Something in his voice made her chest tighten. She thought about what Makram had said—fifteen years of building networks, of collecting loyalties. Fifteen years of making connections that were now helping them escape.

“Your friend,” she said quietly. “Makram. How did you save his life?”

“The Southern Campaign was… difficult.” Becsul’s expression shifted, shadows moving behind his eyes. “We were sent to secure a water treatment facility that had been overrun by raiders. Makram was my second-in-command. When the facility collapsed, he was trapped in the rubble.”

“You pulled him out.”

“It took three days.” His voice was flat, matter-of-fact, as if he were describing a routine supply run instead of a rescue mission. “By the time we got him free, both his legs were crushed. The medics said he’d never walk again.”

Melissa looked at him, really looked, and saw the weight of all those years pressing down on his shoulders. All those battles fought, all those friends made and lost, all those connections forged in fire and blood.

“You have a lot of friends,” she said softly.

“I have allies. People who trust me, who believe in the same things I believe in.” He paused. “Friends are… rarer.”

“And you’re leaving all of them behind. For us.”

He turned to face her fully, his black eyes intense in the dim light. “I’m leaving a planet that has become a prison. A government that has betrayed everything it was supposed to stand for. A Council that would rather watch our species die than consider alternatives they find distasteful.” His tail tightened around her waist. “You and Robbie aren’t something I’m sacrificing my life for. You’re something I’m building a life around.”

“But your network—all these people who owe you favors, who trust you?—”

“Would have visited me in prison, perhaps. Written letters protesting my treatment. Maybe even organized protests in the capital.” His voice was dry, almost amused. “But they couldn’t have saved me from Naran’s justice. And they certainly couldn’t have given me what I want most in this universe.”

“What do you want most?”

“A family.” The word came out rough, stripped of all pretense. “A mate who sees me as I am. A child to raise, to teach, to love. Something that’s mine—truly mine—that no Council, no government, no dying planet can take from me.”

Melissa’s throat tightened. She thought about her own life before all of this—the long hours at the clinic, the artificial insemination, the careful, controlled way she’d approached motherhood. Alone by choice, she’d told herself. Independent. Self-sufficient.

But the truth was simpler and more painful. She’d been alone because she’d been afraid. Afraid of trusting someone else with her heart, her dreams, her future.

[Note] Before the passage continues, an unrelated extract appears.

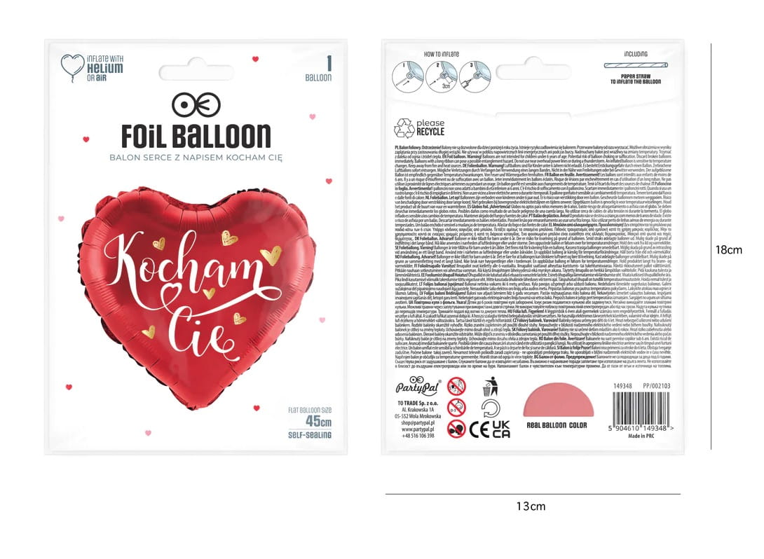 Balon foliowy Kocham Cię serce czerwone Walentynki Prezent serduszko

“I want that too,” she whispered. “I didn’t know I wanted it until I met you, but I do.”

He kissed her then, a brief, fierce press of his mouth against hers. “Then we’ll have it. Together.”

“Together,” she agreed.

From somewhere down the tunnel, Wei-Lin cleared her throat pointedly. “Hate to interrupt the moment, but we’re burning daylight. Or whatever passes for daylight underground.”

Becsul pulled back, but not before his tail gave her waist one last squeeze. “She’s right. We need to move.”

Kellan was waiting exactlywhere Makram had said he would be.